### Exercise data
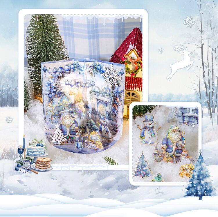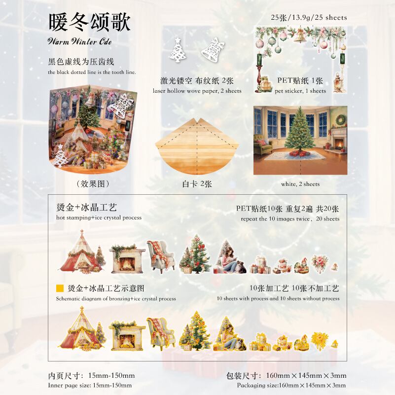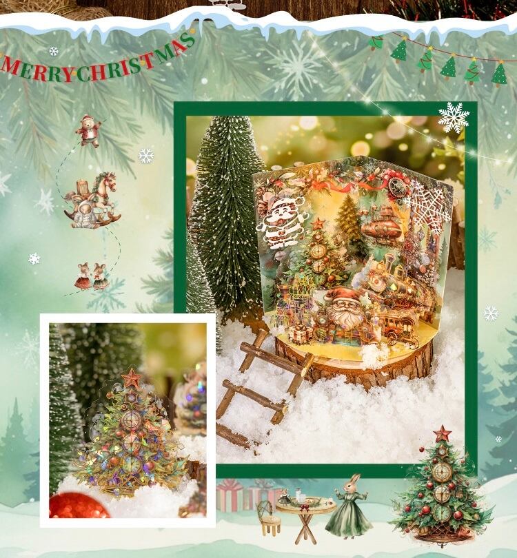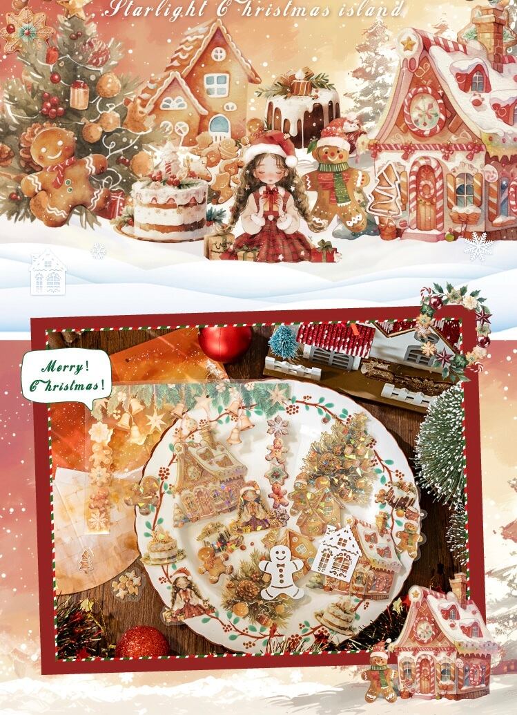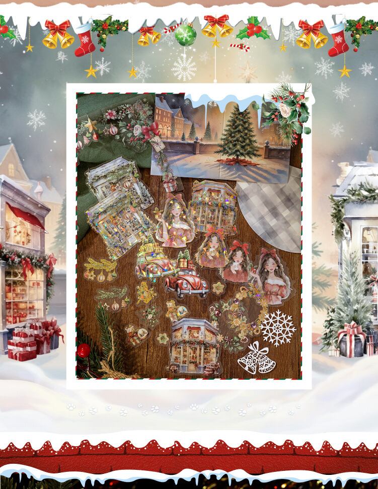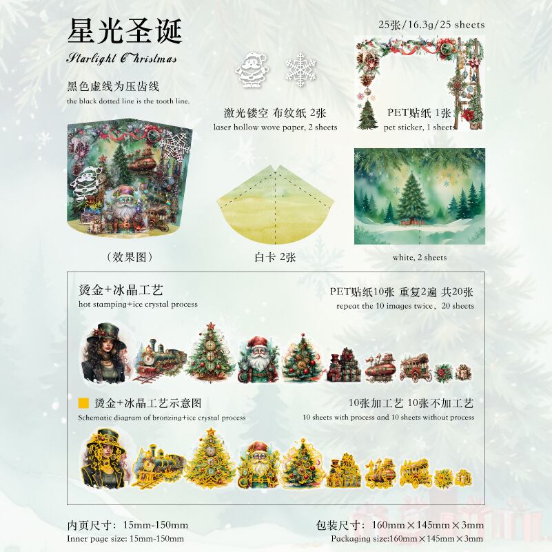 混合材質氷晶箔押しシール星光クリスマス島シリーズ25枚入6種類の素材シール
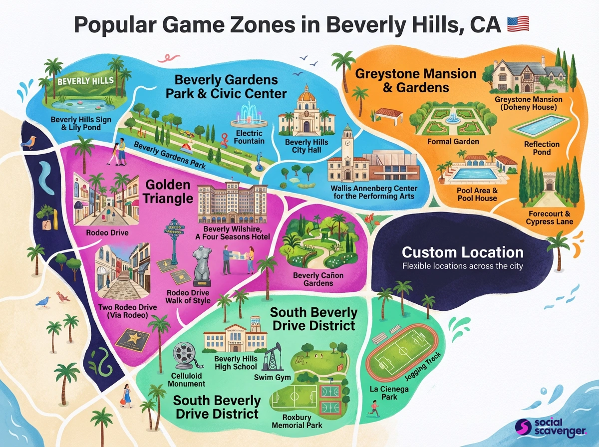 Social Scavenger games in Beverly Hills typically happen in iconic areas like the bustling streets near Rodeo Drive, the scenic Beverly Gardens Park, and other accessible public spaces. The exact location can be tailored to your team's needs and the specific goals of the event.
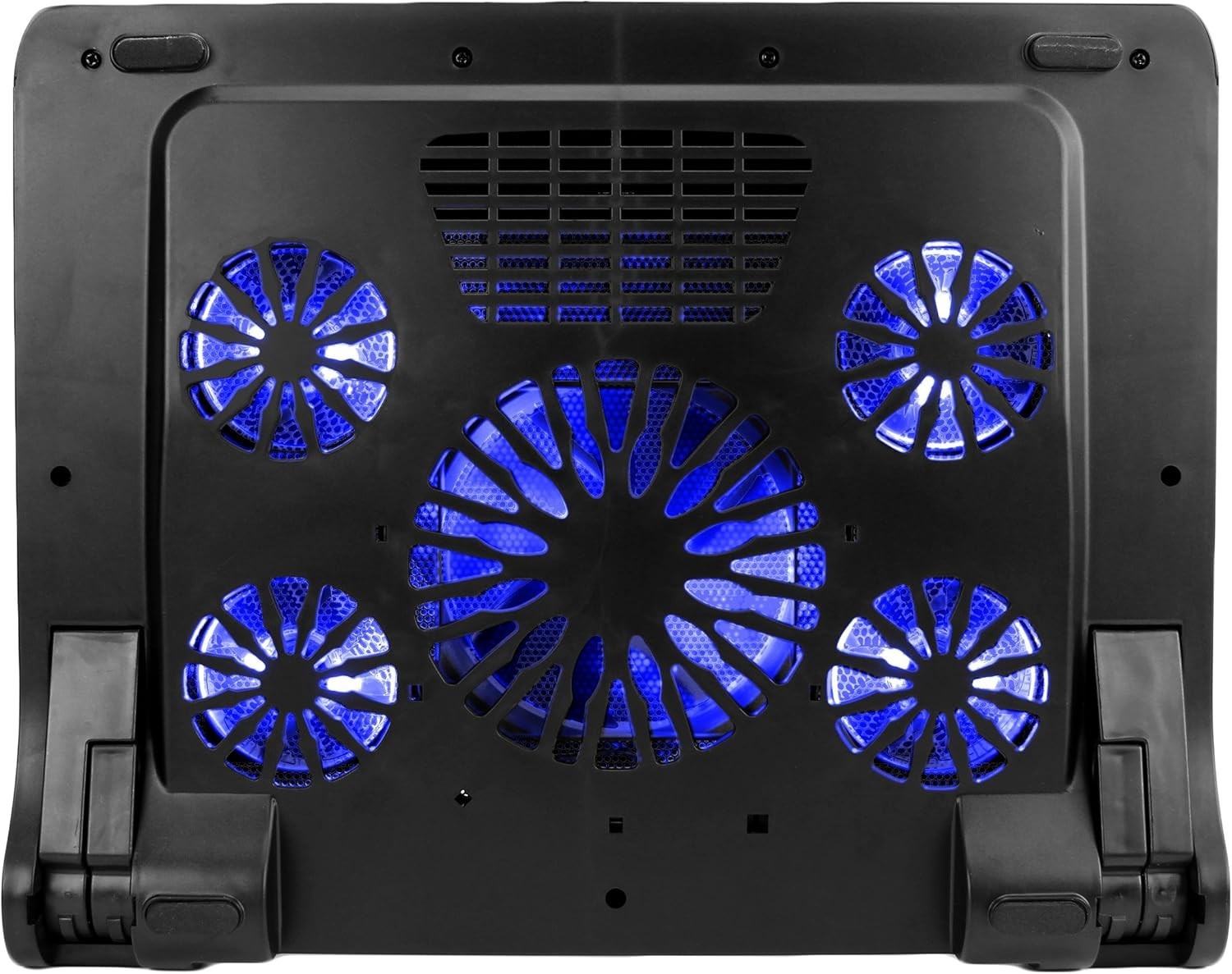 Blue Laptop Cooling Pad with Built-In Bumpers - 5 Fans for Optimal Cooling
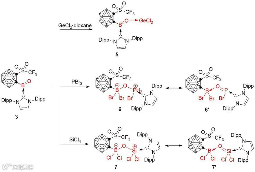 另一方面,作者对硼氧化合物3的反应性质进行了研究。结果发现该化合物可以和二氯化锗发生配位反应得到路易斯酸稳定的硼氧双键化合物5,和三溴化磷或者四氯化硅反应得到硼氧双键的1,2-加成产物。其中化合物6可以看做路易斯酸(o-carboranyl-BBr2)和路易斯碱(卡宾)稳定的磷氧双键化合物(Br-P=O)。化合物7可以也看做路易斯酸(o-carboranyl-BBr2)和路易斯碱(卡宾)稳定的硅氧双键化合物(Cl2-Si=O)(图3)。

### What you will do
Set down the material above exactly as written, but not the pictures.

### Completed exercise
 混合材質氷晶箔押しシール星光クリスマス島シリーズ25枚入6種類の素材シール
 Social Scavenger games in Beverly Hills typically happen in iconic areas like the bustling streets near Rodeo Drive, the scenic Beverly Gardens Park, and other accessible public spaces. The exact location can be tailored to your team's needs and the specific goals of the event.
 Blue Laptop Cooling Pad with Built-In Bumpers - 5 Fans for Optimal Cooling
 另一方面,作者对硼氧化合物3的反应性质进行了研究。结果发现该化合物可以和二氯化锗发生配位反应得到路易斯酸稳定的硼氧双键化合物5,和三溴化磷或者四氯化硅反应得到硼氧双键的1,2-加成产物。其中化合物6可以看做路易斯酸(o-carboranyl-BBr2)和路易斯碱(卡宾)稳定的磷氧双键化合物(Br-P=O)。化合物7可以也看做路易斯酸(o-carboranyl-BBr2)和路易斯碱(卡宾)稳定的硅氧双键化合物(Cl2-Si=O)(图3)。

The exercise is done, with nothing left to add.